▶ _PROBLEM TO WORK ON_
Retype each entry exactly. Skip any pictures.

━━ DATASET RECORDS ━━

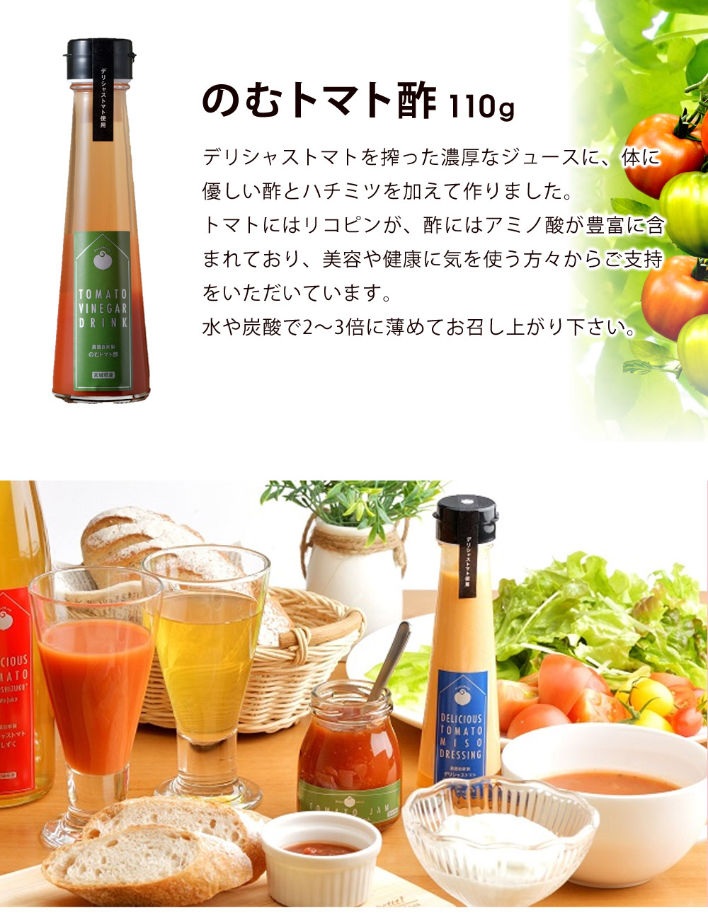 トマトにはリコピンが、酢にはアミノ酸が豊富に含まれており、美容や健康に気を使う方々からご支持をいただいています。
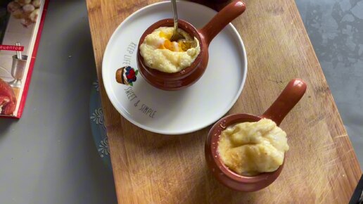 Яйца кокот с шампиньоновым пюре.
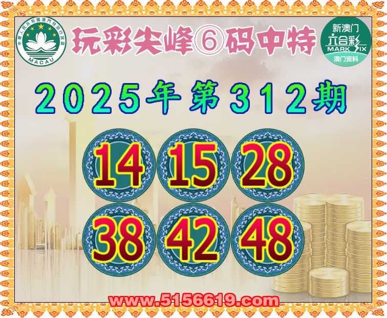312期:【玩彩尖峰】 🥓⑥码中特🥓【14.15.28.38.42.48】开:14
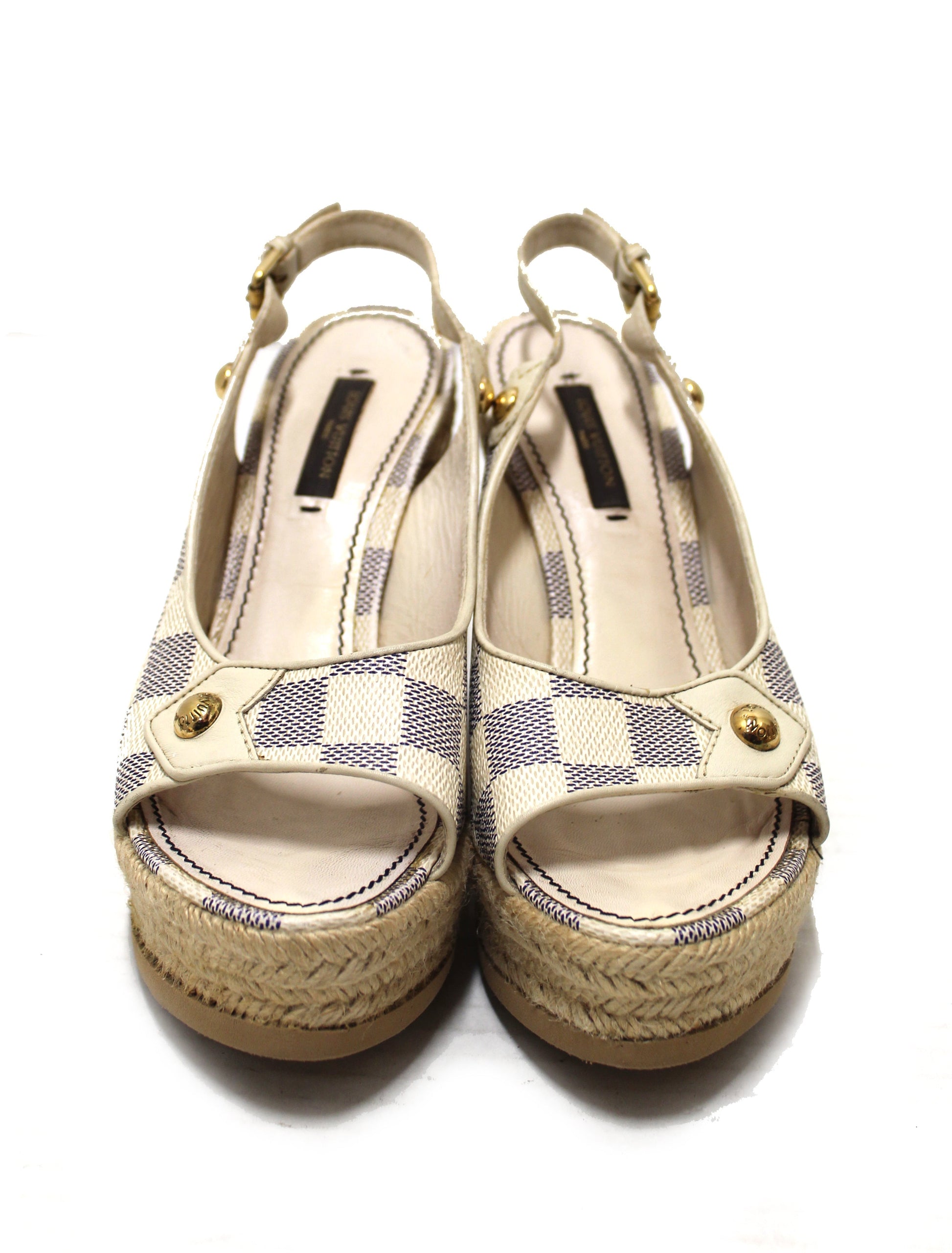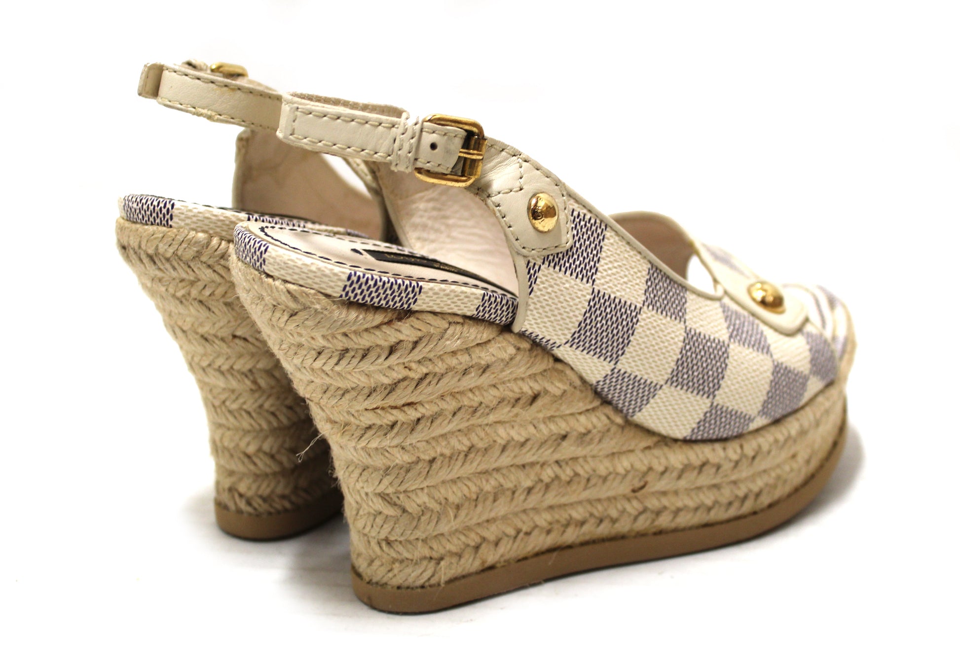 LV Damier Azur Espadrille Wedge Heel Size 35
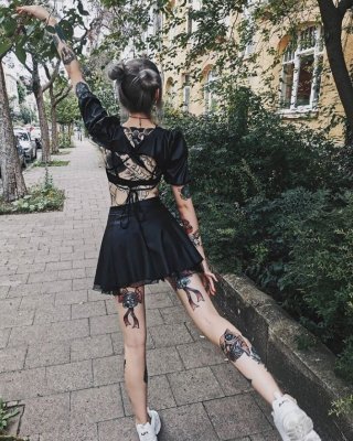 La linda chica alternativa Adora te da un striptease en el patio trasero
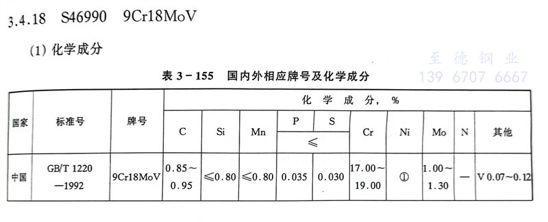 S46990 9Cr18MoV 不銹鋼(gang)主(zhu)要(yao)特性和用途

━━━

▶ _SOLUTION TO THE EXERCISE_
 トマトにはリコピンが、酢にはアミノ酸が豊富に含まれており、美容や健康に気を使う方々からご支持をいただいています。
 Яйца кокот с шампиньоновым пюре.
312期:【玩彩尖峰】 🥓⑥码中特🥓【14.15.28.38.42.48】开:14
 LV Damier Azur Espadrille Wedge Heel Size 35
 La linda chica alternativa Adora te da un striptease en el patio trasero
 S46990 9Cr18MoV 不銹鋼(gang)主(zhu)要(yao)特性和用途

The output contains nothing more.